It's on wikileaks, so it will _never_ get taken down.


----------



## Zaskar (Nov 19, 2008)

Yea I am a plank - I was all excited at the news - a little research showed me the truth of the matter - court order in place from ages ago.  Sorry u75.

I found the list as a s sheet too - much easier to peruse.

I now have a nice list of all the bnp 'activists' in the area and a person who often does vox pops with me champing at the bit to do some sort of film.

Not sure of the spin yet- now where is my body armour...

If anyone else wants the bristol bnp activist list pm me.


----------



## Zaskar (Nov 25, 2008)

Plan now is to wait a few months and try to set up some gentle inerviews Louis Theroux style.

I want to know how these peope tic - and hopefully get them to think differently as well as get some great video.

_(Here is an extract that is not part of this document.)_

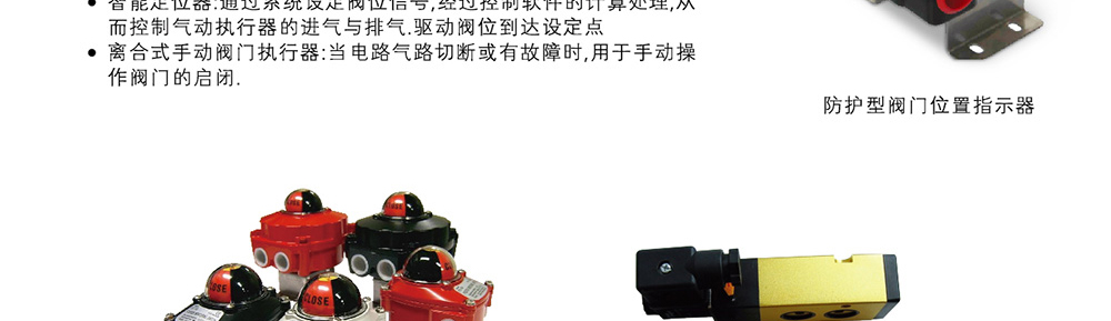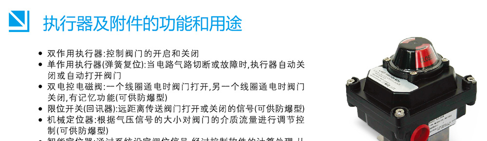 . 双作用执行器:控制阀门的开启和关闭 . 单作用执行器(弹簧复位):当电路气路切断或故障时,执行器自动关闭或自动打开阀门 . 双电控电磁阀:一个线圈通电时阀门打开。另一个线圈通电时阀门关闭,有记忆功能(可供防爆型) . 限位开关(回讯器):远距离传送阀门打开或关闭的信号(可供防爆型)

I have procured myself a deeply moslem front man of asian descent.... if i pull it off it'll be a doooozie.


----------



## Orang Utan (Nov 25, 2008)

A prick you are.


----------



## Zaskar (Nov 25, 2008)

I sure am sweetie, and I love sucking em too !


----------



## lizzieloo (Nov 25, 2008)

Zaskar, maybe you should go out and change some warped minds instead of preaching to the converted.

Just an idea like.


----------